Counting, as a fraction of a group

One of the common operations that I keep coming back to in my data science projects is counting the number of items in a group as a fraction of the total number of items in the group.

For example, in one dataset of marathon runners I have columns for gender and age and also for expected_time, where some runners have indicated their expected finish-time. I’d like to group runners by gender and age and count the percentage of runners (in each group) who provide an expected_time value, to see how it varies with gender and age.

In the past I have always calculated this using division, with two separate groupby operations: one to count the number of runners (by gender and age) with non-null expected_time entries divided by another to count the total number of runners (by gender and age). Straightforward, but not very elegant.
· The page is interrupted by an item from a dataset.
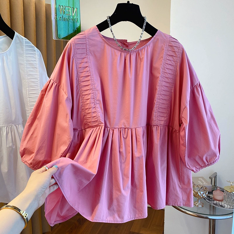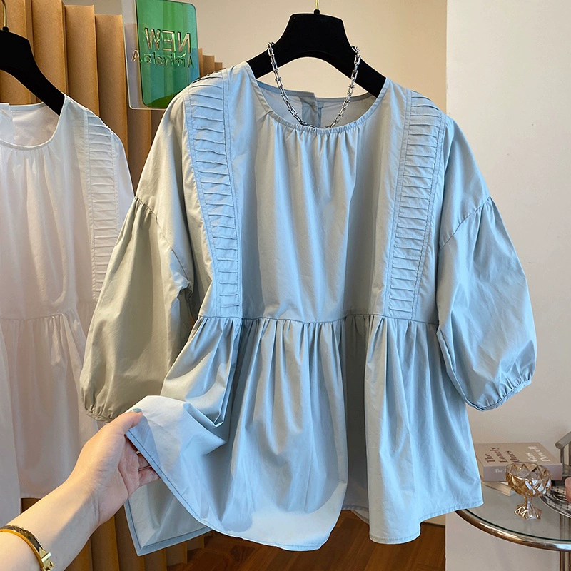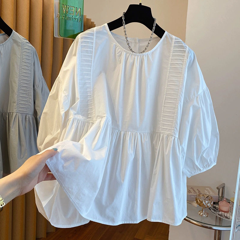 | nameOriginal | Loose hem puffy short-sleeved white shirt that covers the belly |

I recently came across a better way to do this, based on the fact that the fraction that I want is the same as the mean of non-null values in a boolean data frame, as follows:

df.groupby([‘gender’, ‘age’])[‘expected_time’].apply(
lambda x: x.notnull().mean())

Here, each group is transformed into a boolean dataframe, based on whether expected_time is non-null or not. Since True is considered to be a 1 (and False a 0) then the mean of this boolean dataframe is the fraction of True values (non-null expected_time values). For instance if we have a grouping of 100 runners and 30 of them have provided expected_time values, then the mean will be 30/100, which is exactly the fraction we want.

That’s a lot neater and more efficient. One groupby instead of two and a much more succint piece of code, with less scope for errors … I think.